Bu önlemlerle birlikte, genç istihdam programı çerçevesinde, Rus işletmelerinde esnek istihdam biçimlerinin ve esnek çalışma saatlerinin rasyonel kullanımı gibi işgücü piyasasında arz ve talebi düzenleyen böyle bir yönün uygulanması büyük sosyo- ekonomik önem. Yabancı deneyimler, gelişmiş ülkelerde belirli süreli çalışma, yarı zamanlı çalışma ve uzaktan çalışma ile ilgili yasaları kabul etme eğilimi olduğunu göstermektedir. Bu yaklaşım, tüm işçiler için zorunlu tatillerden veya yarı zamanlı çalışmalardan daha etkilidir. Buna karşılık, belirli bir mesleki eğitim, bilgi ve deneyim gerektiren bir uzmanlık alanında çalışmak, genç uzmanların niteliklerini korumanıza izin verir. Kişisel bir bakış açısıyla esnek çalışma saatleri, çalışanların işyerinde kişisel bağımsızlıklarını artırmalarının yanı sıra mesleki faaliyetlere ve işte mesleki gelişime yönelik taleplerini daha iyi karşılamalarına olanak tanır. Esnek çalışma programları temelinde gençlerin yarı zamanlı istihdamının teşvik edilmesi, bu tecrübenin çalışılması ve ülkemiz şartlarına uyarlanması önemli görünmektedir.
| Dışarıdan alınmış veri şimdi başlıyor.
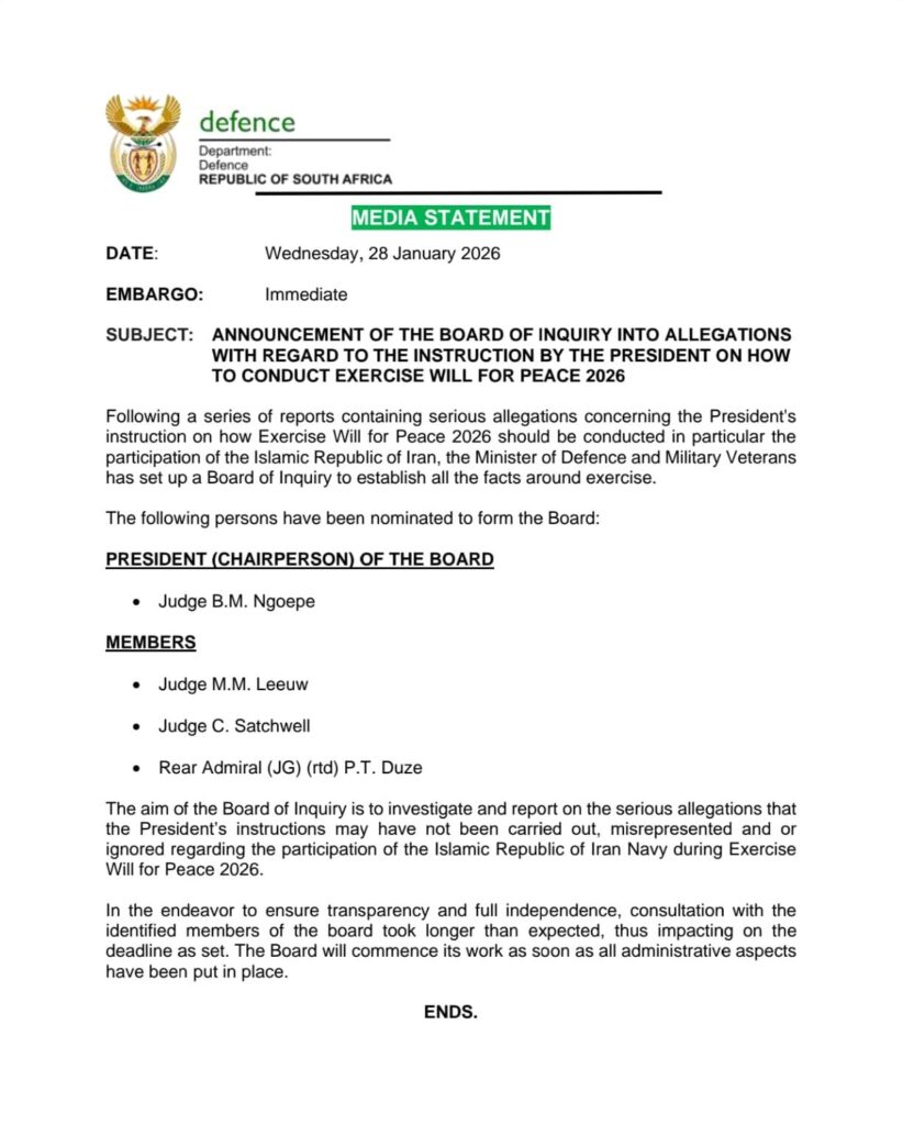Angie Motshekga, die minister van verdediging en militêre veterane, het ‘n kommissie van ondersoek saamgestel om beweringe oor die vlootoefening Will for Peace 2026 te ondersoek. Dit volg nadat president Cyril Ramaphosa ‘n spesifieke instruksie uitgereik het oor die deelname van die Islamiese Republiek van Iran en dit blyk of die instruksie verontagsaam is.

İstihdam politikası işsizlere yardım etmekle sınırlandırılamaz, bireyin iş dünyasındaki çıkarlarını yansıtmalıdır. Dünya biliminde ve uygulamasında, nüfusun işgücü potansiyelinin en eksiksiz şekilde uygulanması ve geliştirilmesi için bir araç olarak istihdam politikası anlayışı uzun süredir oluşturulmuş ve gerçek bir düzenleme bulmuştur. İşsizlere yardıma yönelik önlemler, bu daha geniş bağlamın yalnızca organik bir parçasıdır. Devletin, programları yeniden eğitmek ve gençler arasında profesyonel rekabet gücünü artırmak için fon ayırması gerektiği konusunda uzmanlarla hemfikir olunamaz. Genç uzmanların işsizlik maaşı ödemeleri değil, onları aktif etkinliklere dahil etmeleri, mezunları işgücü piyasasında nasıl rekabetçi hale getireceklerini öğretmeleri gerekir. Bu, işgücü piyasasının gençlik sektöründeki gerilimleri azaltacaktır. Bu tür önlemlerin uygulanması, devletin ve bölgelerin geleceğe doğrudan bir yatırımıdır ve yalnızca gençler için değil, diğer işsiz kategorileri için de sosyal korumanın sağlanmasına yardımcı olacaktır.